Q1a: F matrix using 8-point algorithm

I solved the fundamental matrix equation $x'^TFx = 0$ with 8 point correspondences between images using the following steps:

• Normalize the image pixels in each image so that they are mean-centered with root-mean-squared distance to the origin equal to $\sqrt{2}$. This normalizing transformation uses a scale factor of $s$ and mean x and y values of $c_x$ and $c_y$. It has the form $T = \begin{pmatrix} s & 0 & -sc_x \\ 0 & s & -sc_y \\ 0 & 0 & 1 \end{pmatrix}$
• Use constraints reminiscent of DLT from prior assignments.
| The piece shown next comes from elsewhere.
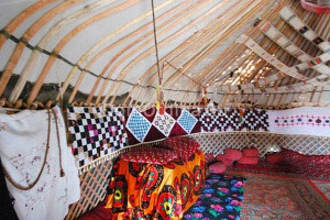 Неподалеку от развалин городища Аяз-Кала (IV-II вв до н.э.) расположен одноименный юртовый лагерь. Как известно юрта – это традиционное переносное жилище среднеазиатских кочевников, которое степнякам можно было собрать и разобрать в любом месте, чтобы заночевать.

That is, each row of the A matrix has the form $\begin{pmatrix} x_1'x_1 & x_1'y_1 & x_1' & y_1'x_1 & y_1'y_1 & y_1' & x_1 & y_1 & 1 \end{pmatrix}$.
• With 8 such correspondences, I obtain an 8x9 A matrix from which I can solve for the 9x1 matrix f via SVD: $Af = 0$.
• Reforming the resulting 9 values into a 3x3 matrix, I enforce the additional constraint that the determinant is equal to 0 by setting the last element of the diagonal matrix to 0. I reconstruct F using this new diagonal matrix and the same U and V^T matrices that SVD yielded.
• I denormalize the F matrix according to T'^TFT and divide the resulting matrix by the last element.
• I compute the essential matrix as $E = K'FK$

Bench results:

Estimated E for bench: $\begin{pmatrix} -0.41524274 & -8.81748894 & -2.15055808 \\ -1.3803559 & 0.79067134 & 69.08265036 \\ -3.58890876 & -68.47438701 & 1 \end{pmatrix}$

Remote results:

Estimated E for remote: $\begin{pmatrix} 2.5298064 & -0.67056178 & 7.33094837 \\ -6.62032749 & -3.02768466 & -28.29861665 \\ -14.50071092 & 26.41824781 & 1 \end{pmatrix}$

Q1b: 7-point algorithm

I solved the fundamental matrix equation $x'^TFx = 0$ with 8 point correspondences between images using the following steps:

• Normalize each point using a transformation identical to that described in part a above.
• Create an A matrix using the same constraints as described in part a above, except using 7 instead of 8 point correspondences
• Solve with SVD now provides $F_1$ and $F_2$ matrices due to the larger null space from having 7 instead of 8 constraints.
• Represent $F = \alpha F_1 + (1-\alpha)F_2$ and solve the cubic polynomial that arises from setting its determinant equal to 0. Specifically, I choose arbitrary $\alpha$ values of 0, 0.31, 0.68, and 1 and plug these into the cubic polynomial. These coefficients give the A matrix for the next solution. The b matrix for which I am solving is the determinant of F with each $\alpha$ value.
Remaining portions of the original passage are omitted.